*What is required*
In the records below, the relevant part opens with the line containing "活性炭塔活性炭吸附法系利用高" and closes with the line containing "Refresh your lighting"; print that part exactly and only, without its pictures.

*Material supplied*
>>>>
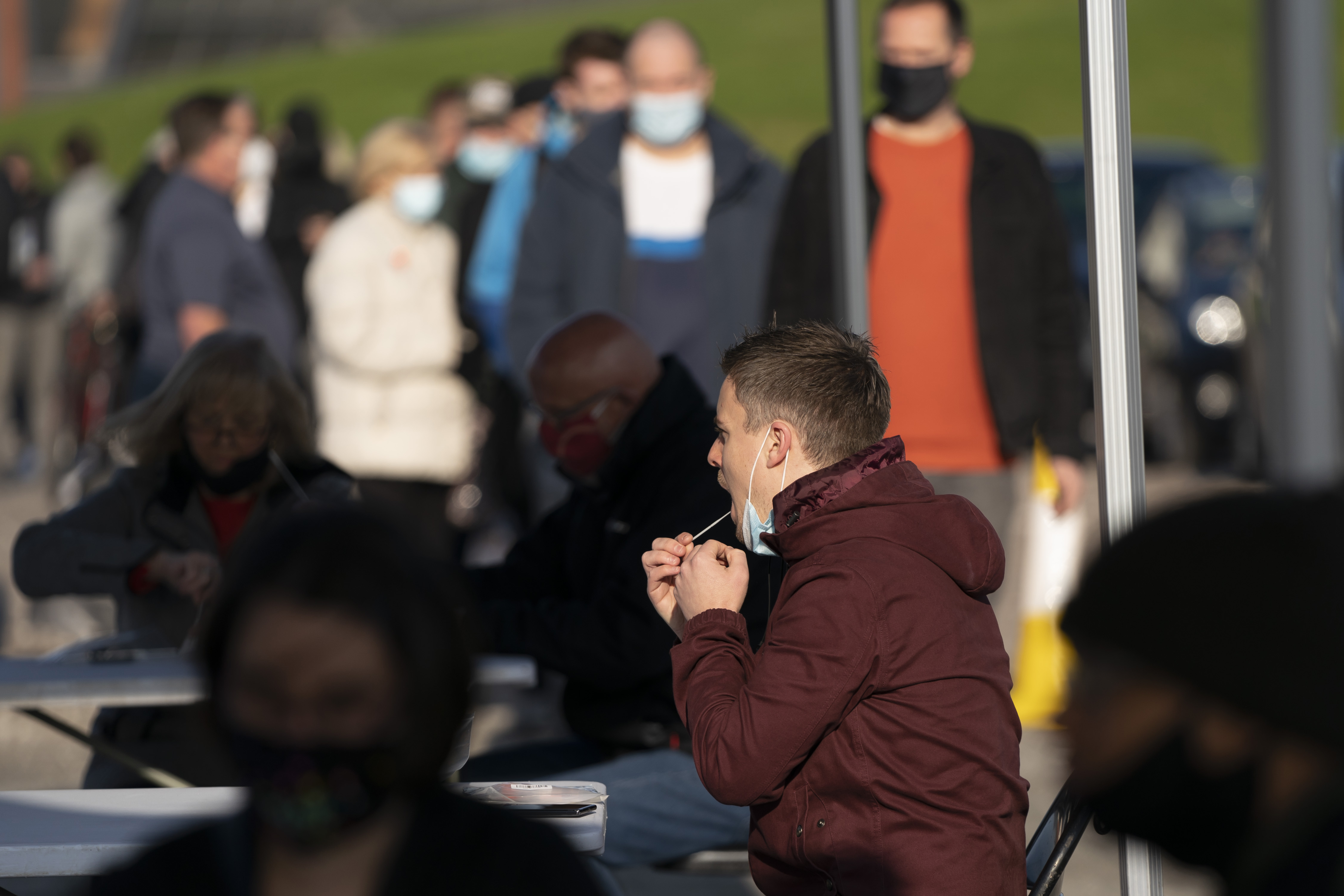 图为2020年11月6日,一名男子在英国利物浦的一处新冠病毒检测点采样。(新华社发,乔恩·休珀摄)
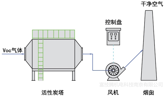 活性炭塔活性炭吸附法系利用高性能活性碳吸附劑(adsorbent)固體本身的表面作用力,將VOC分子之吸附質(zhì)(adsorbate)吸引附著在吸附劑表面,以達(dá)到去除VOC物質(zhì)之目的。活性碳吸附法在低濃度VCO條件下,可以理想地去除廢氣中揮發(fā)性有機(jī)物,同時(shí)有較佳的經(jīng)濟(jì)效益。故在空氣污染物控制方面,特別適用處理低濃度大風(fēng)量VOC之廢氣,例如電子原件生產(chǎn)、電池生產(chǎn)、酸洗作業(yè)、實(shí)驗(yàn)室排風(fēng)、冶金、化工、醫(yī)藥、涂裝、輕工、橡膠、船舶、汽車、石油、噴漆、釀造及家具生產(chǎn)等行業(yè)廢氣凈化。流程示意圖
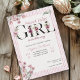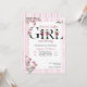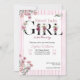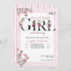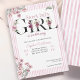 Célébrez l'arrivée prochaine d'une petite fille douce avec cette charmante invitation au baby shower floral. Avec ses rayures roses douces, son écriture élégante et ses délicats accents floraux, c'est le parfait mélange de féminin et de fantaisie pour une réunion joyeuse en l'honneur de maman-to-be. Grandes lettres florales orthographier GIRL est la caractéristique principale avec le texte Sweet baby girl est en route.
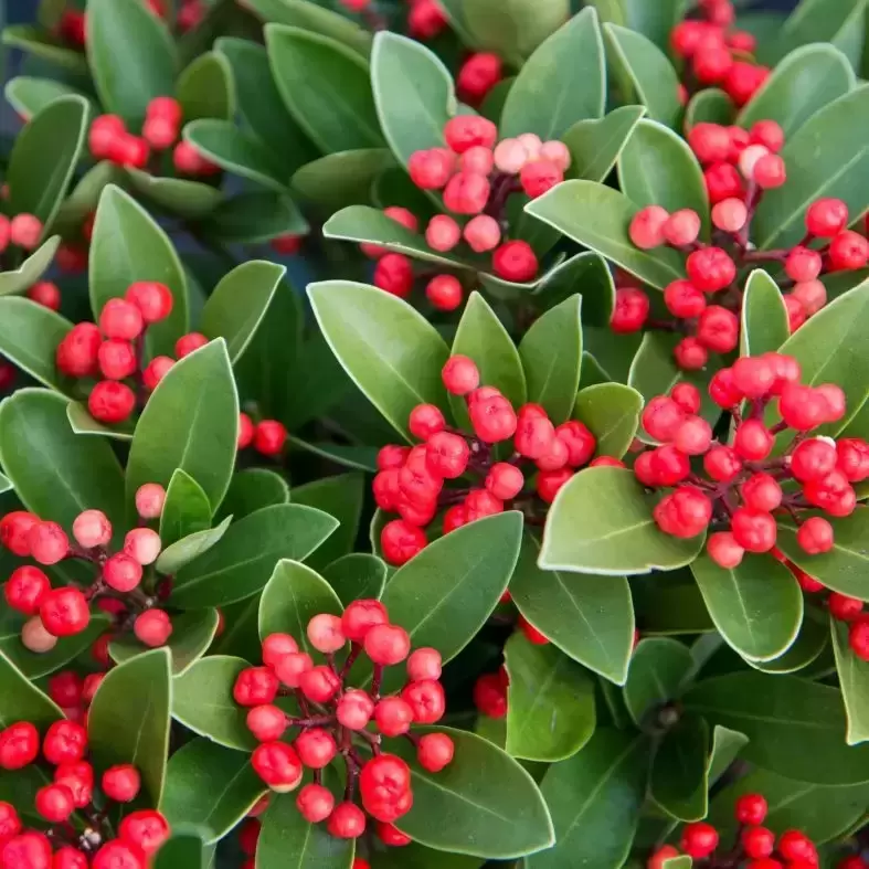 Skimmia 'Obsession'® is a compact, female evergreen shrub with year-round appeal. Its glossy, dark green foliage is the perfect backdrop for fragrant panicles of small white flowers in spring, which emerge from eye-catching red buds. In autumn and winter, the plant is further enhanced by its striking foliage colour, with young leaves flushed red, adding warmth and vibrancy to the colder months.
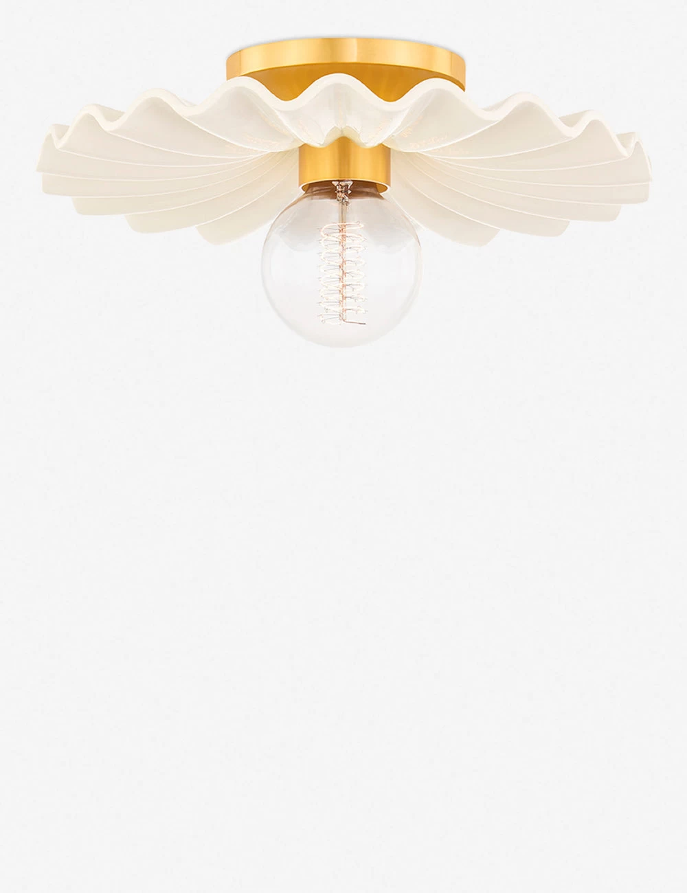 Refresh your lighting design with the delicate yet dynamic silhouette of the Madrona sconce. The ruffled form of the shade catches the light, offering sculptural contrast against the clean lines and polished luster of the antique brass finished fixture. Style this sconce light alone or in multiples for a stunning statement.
<<<<
>>>>
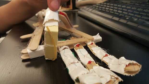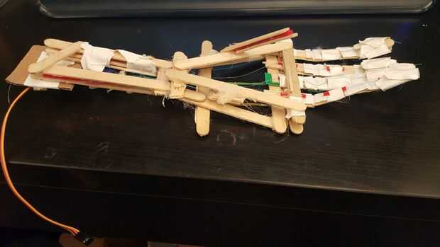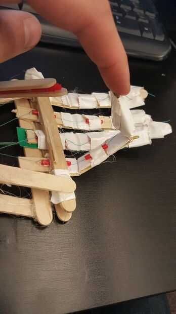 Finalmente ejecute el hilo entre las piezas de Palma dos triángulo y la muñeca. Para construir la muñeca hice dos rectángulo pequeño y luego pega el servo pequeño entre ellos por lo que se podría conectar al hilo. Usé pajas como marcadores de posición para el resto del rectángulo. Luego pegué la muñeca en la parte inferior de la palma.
<<<<
*Written answer*
 活性炭塔活性炭吸附法系利用高性能活性碳吸附劑(adsorbent)固體本身的表面作用力,將VOC分子之吸附質(zhì)(adsorbate)吸引附著在吸附劑表面,以達(dá)到去除VOC物質(zhì)之目的。活性碳吸附法在低濃度VCO條件下,可以理想地去除廢氣中揮發(fā)性有機(jī)物,同時(shí)有較佳的經(jīng)濟(jì)效益。故在空氣污染物控制方面,特別適用處理低濃度大風(fēng)量VOC之廢氣,例如電子原件生產(chǎn)、電池生產(chǎn)、酸洗作業(yè)、實(shí)驗(yàn)室排風(fēng)、冶金、化工、醫(yī)藥、涂裝、輕工、橡膠、船舶、汽車、石油、噴漆、釀造及家具生產(chǎn)等行業(yè)廢氣凈化。流程示意圖
 Célébrez l'arrivée prochaine d'une petite fille douce avec cette charmante invitation au baby shower floral. Avec ses rayures roses douces, son écriture élégante et ses délicats accents floraux, c'est le parfait mélange de féminin et de fantaisie pour une réunion joyeuse en l'honneur de maman-to-be. Grandes lettres florales orthographier GIRL est la caractéristique principale avec le texte Sweet baby girl est en route.
 Skimmia 'Obsession'® is a compact, female evergreen shrub with year-round appeal. Its glossy, dark green foliage is the perfect backdrop for fragrant panicles of small white flowers in spring, which emerge from eye-catching red buds. In autumn and winter, the plant is further enhanced by its striking foliage colour, with young leaves flushed red, adding warmth and vibrancy to the colder months.
 Refresh your lighting design with the delicate yet dynamic silhouette of the Madrona sconce. The ruffled form of the shade catches the light, offering sculptural contrast against the clean lines and polished luster of the antique brass finished fixture. Style this sconce light alone or in multiples for a stunning statement.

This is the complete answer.